== TASK INSTRUCTIONS ==
Your task is to copy the lines of the data below from the line holding "KUBEK UCHO RANT" through the line holding "anrufen | |", inclusive, exactly and with nothing added.

------ DATA LISTING

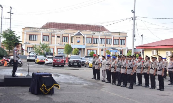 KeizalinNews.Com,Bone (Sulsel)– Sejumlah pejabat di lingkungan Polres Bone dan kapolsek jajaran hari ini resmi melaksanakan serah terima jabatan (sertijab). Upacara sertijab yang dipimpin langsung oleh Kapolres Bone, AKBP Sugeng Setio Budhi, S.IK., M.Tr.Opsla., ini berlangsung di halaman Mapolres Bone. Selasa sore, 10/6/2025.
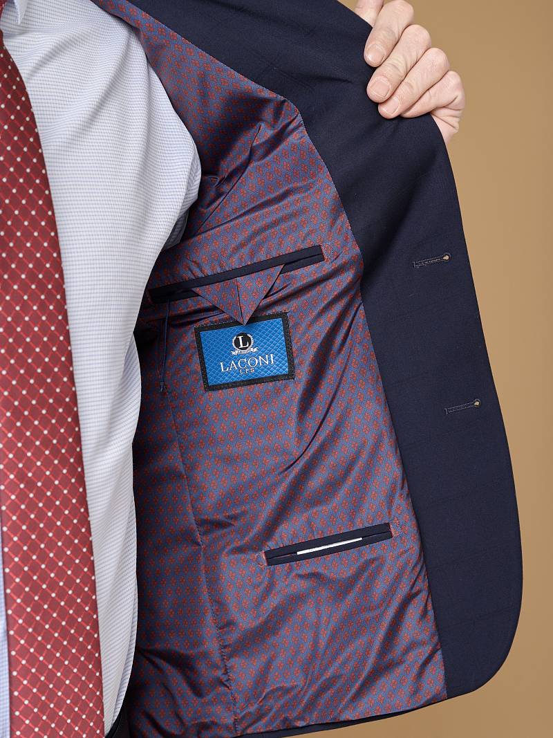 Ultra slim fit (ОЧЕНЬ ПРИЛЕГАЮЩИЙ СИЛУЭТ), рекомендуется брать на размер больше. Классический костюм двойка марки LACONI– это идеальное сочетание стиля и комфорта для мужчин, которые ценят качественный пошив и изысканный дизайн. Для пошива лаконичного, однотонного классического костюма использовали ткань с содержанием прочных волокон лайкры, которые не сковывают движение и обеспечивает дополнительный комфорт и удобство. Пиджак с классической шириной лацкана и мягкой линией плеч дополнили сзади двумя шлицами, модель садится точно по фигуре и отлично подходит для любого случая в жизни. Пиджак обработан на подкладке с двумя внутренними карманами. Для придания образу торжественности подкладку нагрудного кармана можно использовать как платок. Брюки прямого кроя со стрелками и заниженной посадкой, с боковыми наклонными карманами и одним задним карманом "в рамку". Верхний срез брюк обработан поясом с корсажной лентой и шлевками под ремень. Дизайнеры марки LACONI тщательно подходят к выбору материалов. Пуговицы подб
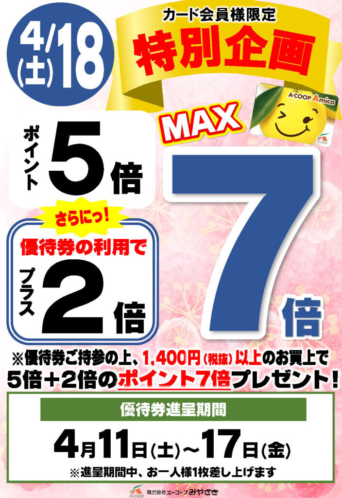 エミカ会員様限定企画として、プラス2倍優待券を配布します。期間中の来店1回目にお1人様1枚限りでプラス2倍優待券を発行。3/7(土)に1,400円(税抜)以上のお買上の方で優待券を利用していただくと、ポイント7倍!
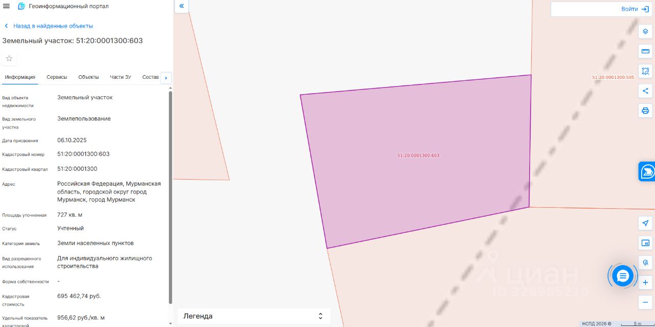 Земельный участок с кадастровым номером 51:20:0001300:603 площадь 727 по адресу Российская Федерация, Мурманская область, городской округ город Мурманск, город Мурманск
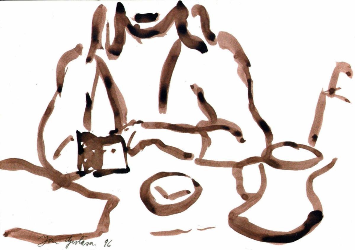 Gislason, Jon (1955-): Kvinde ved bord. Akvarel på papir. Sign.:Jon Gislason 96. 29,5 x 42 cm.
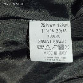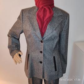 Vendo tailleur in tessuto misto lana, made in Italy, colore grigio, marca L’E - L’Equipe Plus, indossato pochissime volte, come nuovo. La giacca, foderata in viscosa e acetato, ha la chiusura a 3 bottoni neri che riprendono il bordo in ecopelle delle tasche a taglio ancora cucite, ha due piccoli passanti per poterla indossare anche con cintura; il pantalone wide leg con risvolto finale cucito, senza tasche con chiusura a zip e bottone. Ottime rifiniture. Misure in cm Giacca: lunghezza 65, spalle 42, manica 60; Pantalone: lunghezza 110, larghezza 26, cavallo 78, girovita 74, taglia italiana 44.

------------
------ DATA LISTING

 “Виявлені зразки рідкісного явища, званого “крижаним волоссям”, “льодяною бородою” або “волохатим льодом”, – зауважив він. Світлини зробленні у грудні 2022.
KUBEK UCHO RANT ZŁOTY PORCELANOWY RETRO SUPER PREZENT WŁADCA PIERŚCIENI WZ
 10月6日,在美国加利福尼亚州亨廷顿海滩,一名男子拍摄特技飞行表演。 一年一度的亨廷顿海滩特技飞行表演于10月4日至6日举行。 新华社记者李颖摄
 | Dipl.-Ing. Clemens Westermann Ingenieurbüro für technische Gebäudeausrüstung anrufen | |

------------
------ DATA LISTING

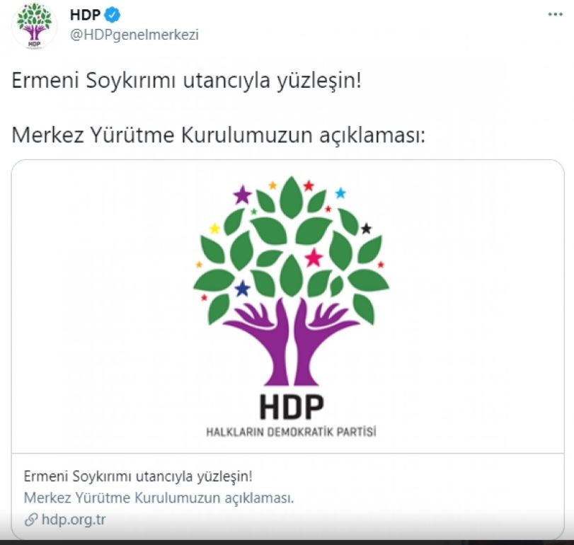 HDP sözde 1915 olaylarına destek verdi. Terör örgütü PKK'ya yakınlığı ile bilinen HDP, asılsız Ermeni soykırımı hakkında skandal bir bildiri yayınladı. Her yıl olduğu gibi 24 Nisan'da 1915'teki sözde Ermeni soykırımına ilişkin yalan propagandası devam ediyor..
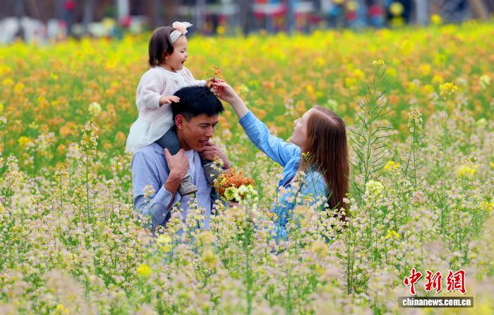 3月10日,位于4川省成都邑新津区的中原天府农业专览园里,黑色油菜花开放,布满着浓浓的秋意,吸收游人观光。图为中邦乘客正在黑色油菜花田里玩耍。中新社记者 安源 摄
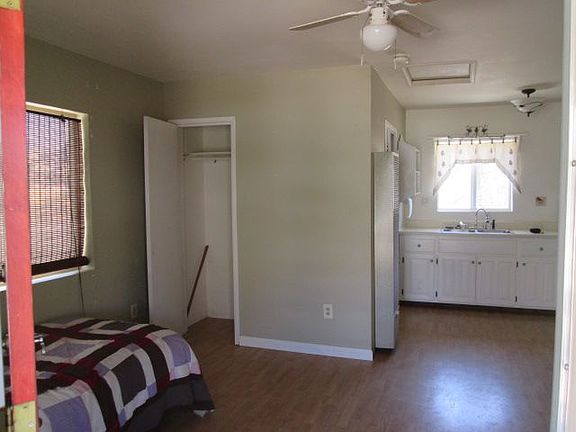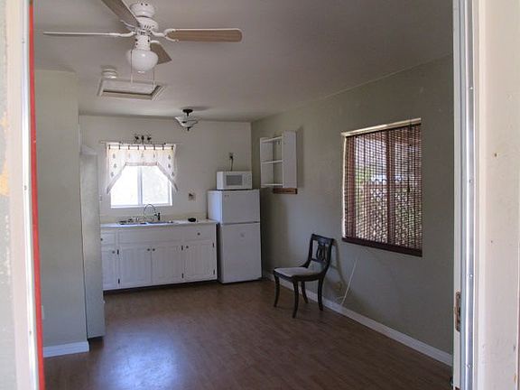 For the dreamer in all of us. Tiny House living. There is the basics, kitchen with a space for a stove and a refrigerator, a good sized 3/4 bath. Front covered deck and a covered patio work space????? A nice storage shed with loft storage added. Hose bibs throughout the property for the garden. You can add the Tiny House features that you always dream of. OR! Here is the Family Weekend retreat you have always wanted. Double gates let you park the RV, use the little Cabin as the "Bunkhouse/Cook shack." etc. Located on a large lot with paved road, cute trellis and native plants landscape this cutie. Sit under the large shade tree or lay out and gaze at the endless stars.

------------

== RESULT OF THIS EXERCISE ==
KUBEK UCHO RANT ZŁOTY PORCELANOWY RETRO SUPER PREZENT WŁADCA PIERŚCIENI WZ
 10月6日,在美国加利福尼亚州亨廷顿海滩,一名男子拍摄特技飞行表演。 一年一度的亨廷顿海滩特技飞行表演于10月4日至6日举行。 新华社记者李颖摄
 | Dipl.-Ing. Clemens Westermann Ingenieurbüro für technische Gebäudeausrüstung anrufen | |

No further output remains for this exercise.